All lines below between the line with "KHALID ABAD | |||" and the line with "뉴스다 최광묵 기자 |", including both, must be copied exactly, and the pictures must be omitted.

*** Opening Records shown ***

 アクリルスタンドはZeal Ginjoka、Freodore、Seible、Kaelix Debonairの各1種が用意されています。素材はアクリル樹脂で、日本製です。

*** Closing Records shown ***
*** Opening Records shown ***

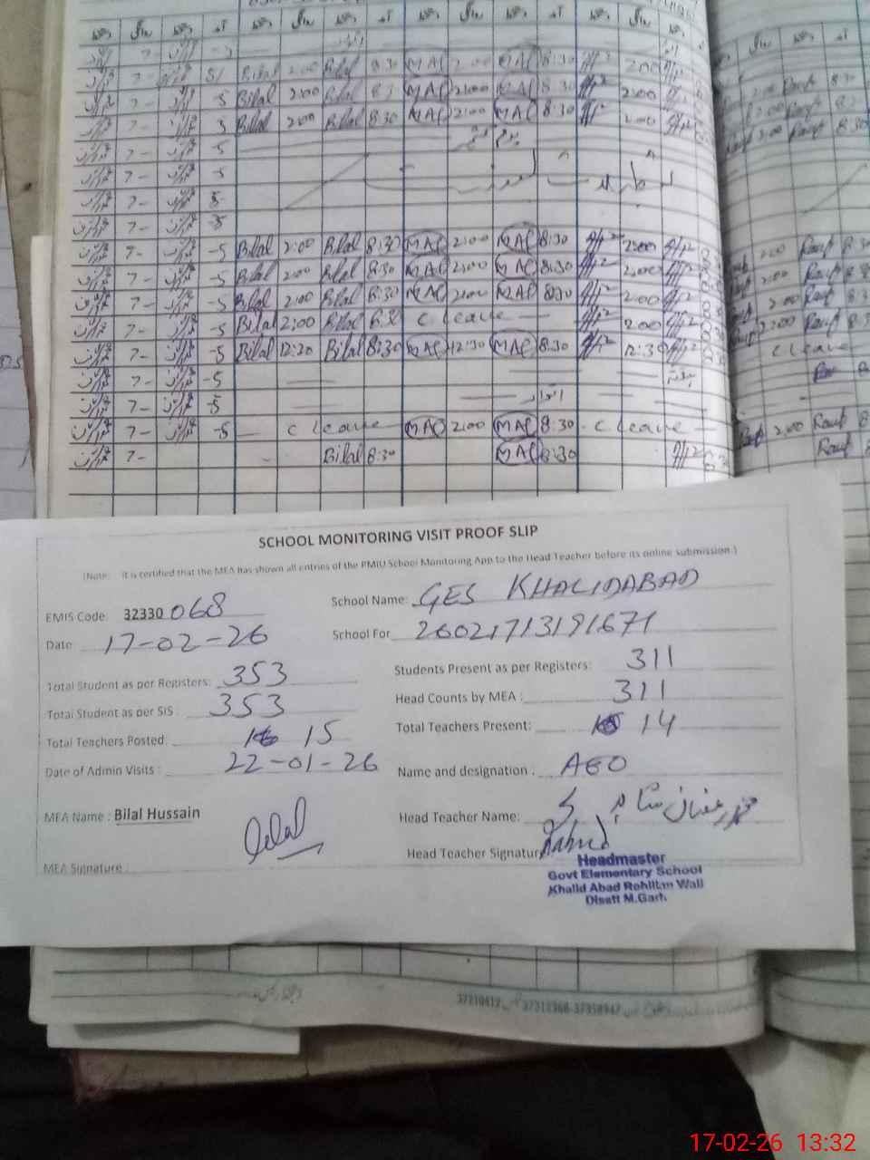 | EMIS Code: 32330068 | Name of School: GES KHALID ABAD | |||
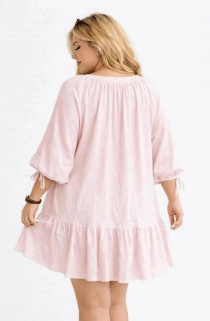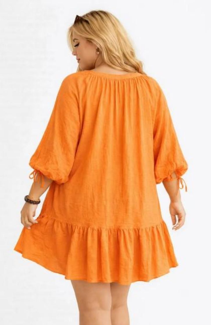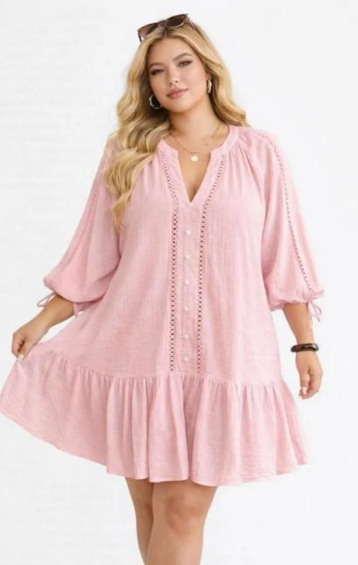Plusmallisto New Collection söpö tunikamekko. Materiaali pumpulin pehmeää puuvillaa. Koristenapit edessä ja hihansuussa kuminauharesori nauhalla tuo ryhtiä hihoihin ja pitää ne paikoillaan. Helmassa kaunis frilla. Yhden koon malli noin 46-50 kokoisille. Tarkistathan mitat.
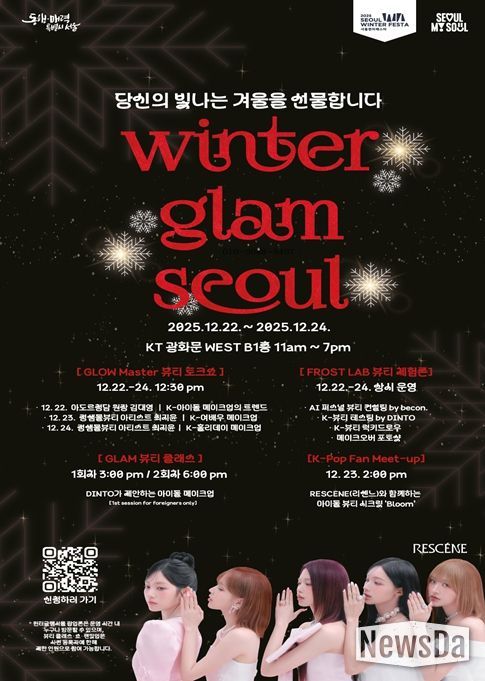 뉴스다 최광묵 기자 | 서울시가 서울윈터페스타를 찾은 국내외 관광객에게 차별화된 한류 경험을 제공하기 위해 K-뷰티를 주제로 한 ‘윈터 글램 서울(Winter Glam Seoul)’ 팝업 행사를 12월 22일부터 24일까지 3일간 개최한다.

*** Closing Records shown ***
*** Opening Records shown ***

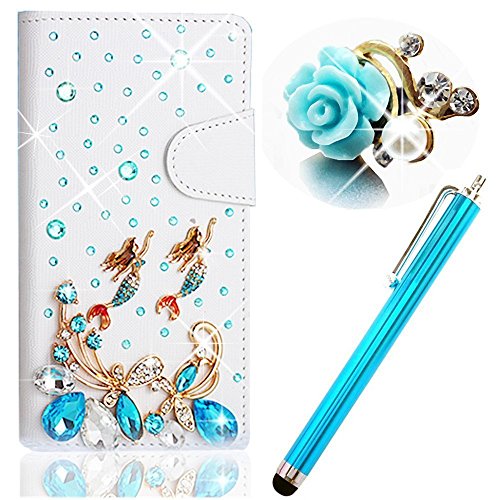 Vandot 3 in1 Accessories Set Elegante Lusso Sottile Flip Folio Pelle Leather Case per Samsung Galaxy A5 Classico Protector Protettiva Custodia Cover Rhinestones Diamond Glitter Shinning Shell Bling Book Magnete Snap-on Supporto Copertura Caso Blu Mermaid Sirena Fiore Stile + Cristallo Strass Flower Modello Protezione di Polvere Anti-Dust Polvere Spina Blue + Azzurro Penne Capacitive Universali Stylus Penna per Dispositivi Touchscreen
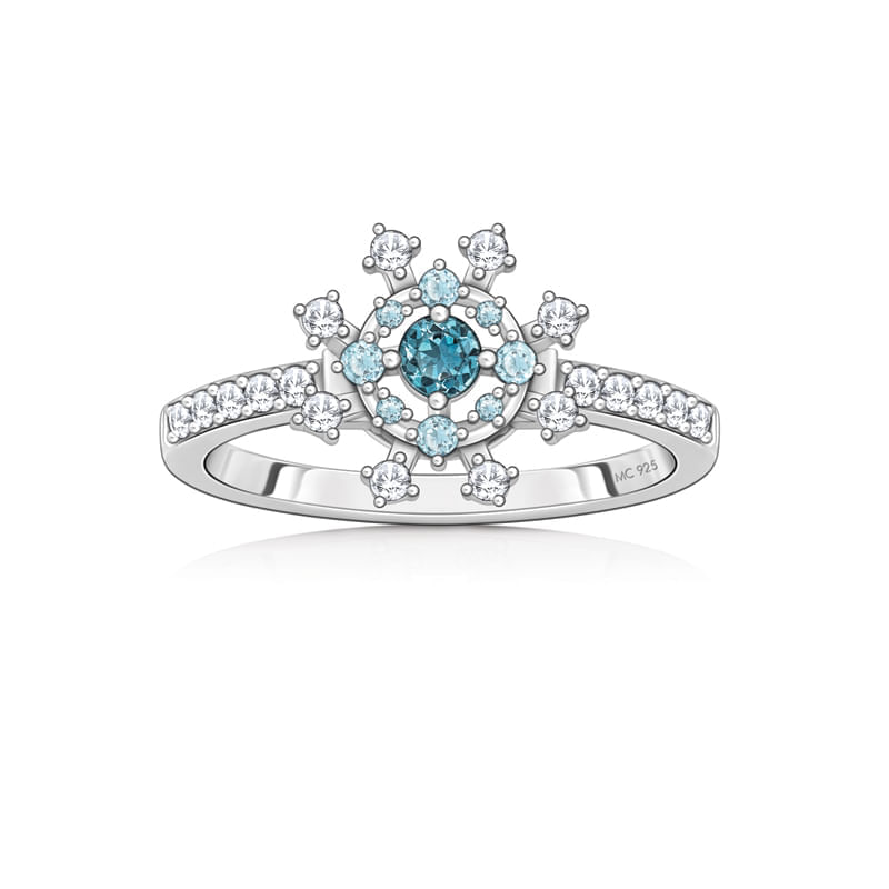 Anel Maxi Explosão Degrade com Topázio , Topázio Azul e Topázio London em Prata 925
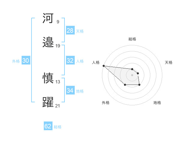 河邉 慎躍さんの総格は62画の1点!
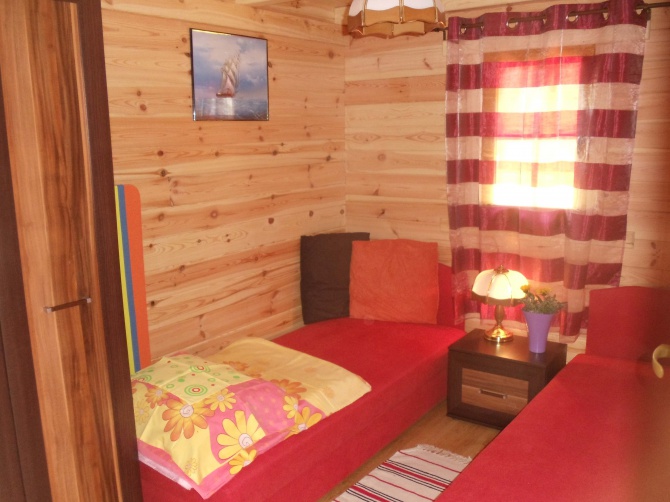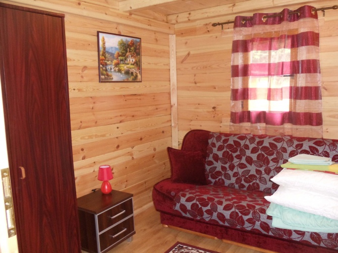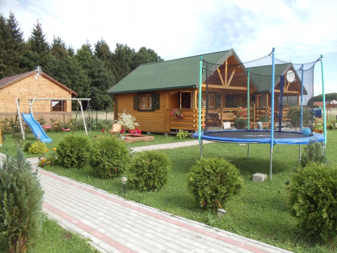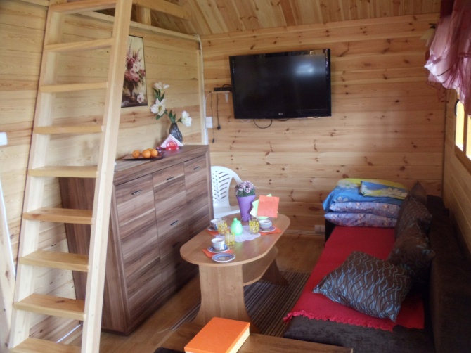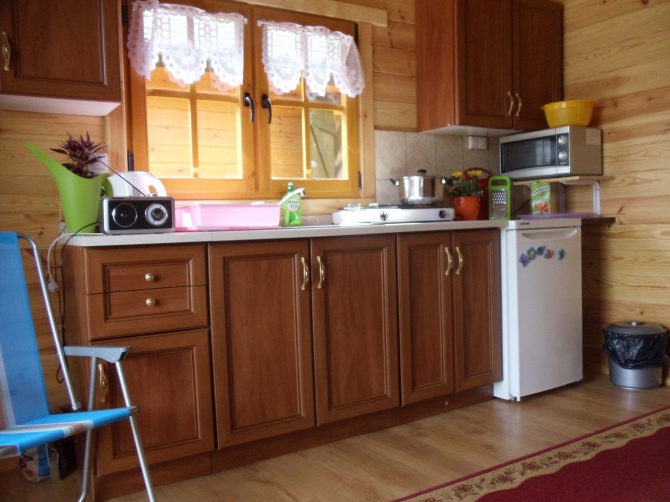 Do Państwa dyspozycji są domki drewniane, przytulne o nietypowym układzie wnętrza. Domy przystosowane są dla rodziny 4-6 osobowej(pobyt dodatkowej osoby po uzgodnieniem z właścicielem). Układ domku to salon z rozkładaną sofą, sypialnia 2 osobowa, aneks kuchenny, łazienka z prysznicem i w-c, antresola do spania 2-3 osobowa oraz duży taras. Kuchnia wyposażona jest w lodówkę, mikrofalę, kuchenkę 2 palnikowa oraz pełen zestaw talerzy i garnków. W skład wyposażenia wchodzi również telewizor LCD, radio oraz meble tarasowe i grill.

*** Closing Records shown ***

• **Exercise output**
 | EMIS Code: 32330068 | Name of School: GES KHALID ABAD | |||
Plusmallisto New Collection söpö tunikamekko. Materiaali pumpulin pehmeää puuvillaa. Koristenapit edessä ja hihansuussa kuminauharesori nauhalla tuo ryhtiä hihoihin ja pitää ne paikoillaan. Helmassa kaunis frilla. Yhden koon malli noin 46-50 kokoisille. Tarkistathan mitat.
 뉴스다 최광묵 기자 | 서울시가 서울윈터페스타를 찾은 국내외 관광객에게 차별화된 한류 경험을 제공하기 위해 K-뷰티를 주제로 한 ‘윈터 글램 서울(Winter Glam Seoul)’ 팝업 행사를 12월 22일부터 24일까지 3일간 개최한다.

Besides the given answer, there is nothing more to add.